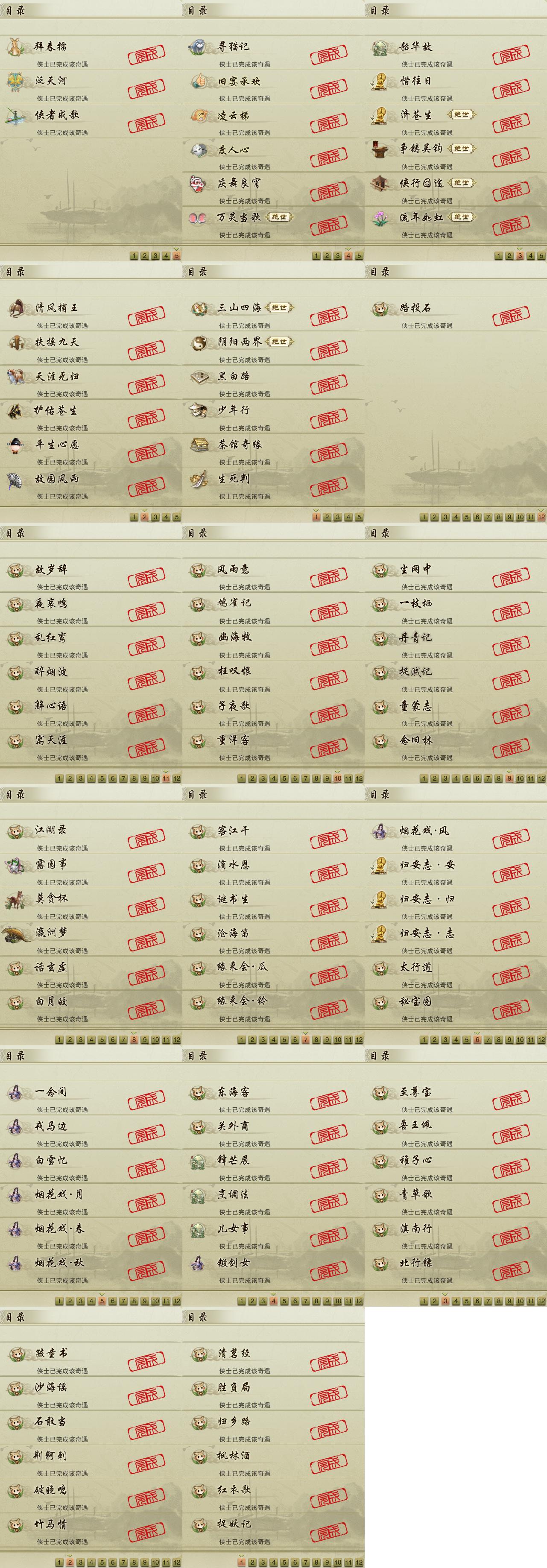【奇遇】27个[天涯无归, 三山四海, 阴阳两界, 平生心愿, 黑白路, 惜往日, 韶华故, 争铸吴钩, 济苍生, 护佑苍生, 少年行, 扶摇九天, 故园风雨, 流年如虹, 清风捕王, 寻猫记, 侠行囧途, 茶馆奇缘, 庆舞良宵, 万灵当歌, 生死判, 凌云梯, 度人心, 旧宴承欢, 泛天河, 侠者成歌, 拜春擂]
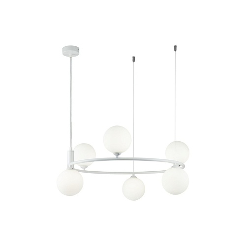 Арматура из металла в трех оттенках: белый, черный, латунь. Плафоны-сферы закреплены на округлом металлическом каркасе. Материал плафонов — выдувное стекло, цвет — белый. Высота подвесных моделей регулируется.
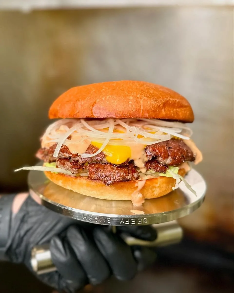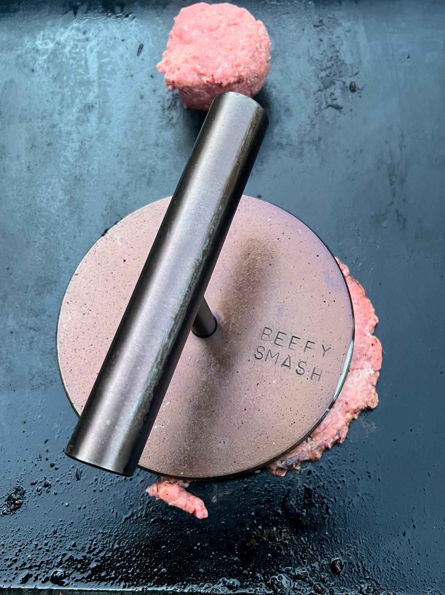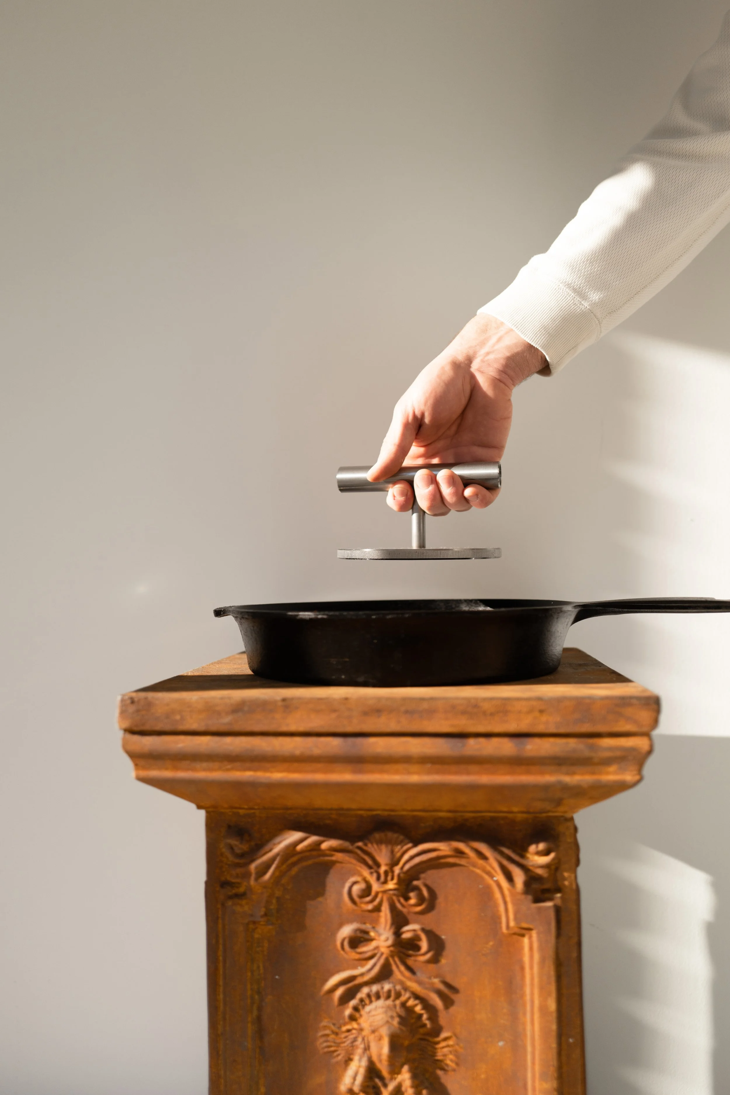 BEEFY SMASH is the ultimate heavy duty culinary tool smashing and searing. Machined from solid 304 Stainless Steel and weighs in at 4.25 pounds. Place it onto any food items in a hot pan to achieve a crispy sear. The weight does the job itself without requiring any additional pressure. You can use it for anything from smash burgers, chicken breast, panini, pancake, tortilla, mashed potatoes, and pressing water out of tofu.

+--

## TASK
Leaving the pictures aside, transcribe the entire listing exactly.

## EXPECTED OUTPUT
【奇遇】27个[天涯无归, 三山四海, 阴阳两界, 平生心愿, 黑白路, 惜往日, 韶华故, 争铸吴钩, 济苍生, 护佑苍生, 少年行, 扶摇九天, 故园风雨, 流年如虹, 清风捕王, 寻猫记, 侠行囧途, 茶馆奇缘, 庆舞良宵, 万灵当歌, 生死判, 凌云梯, 度人心, 旧宴承欢, 泛天河, 侠者成歌, 拜春擂]
 Арматура из металла в трех оттенках: белый, черный, латунь. Плафоны-сферы закреплены на округлом металлическом каркасе. Материал плафонов — выдувное стекло, цвет — белый. Высота подвесных моделей регулируется.
 BEEFY SMASH is the ultimate heavy duty culinary tool smashing and searing. Machined from solid 304 Stainless Steel and weighs in at 4.25 pounds. Place it onto any food items in a hot pan to achieve a crispy sear. The weight does the job itself without requiring any additional pressure. You can use it for anything from smash burgers, chicken breast, panini, pancake, tortilla, mashed potatoes, and pressing water out of tofu.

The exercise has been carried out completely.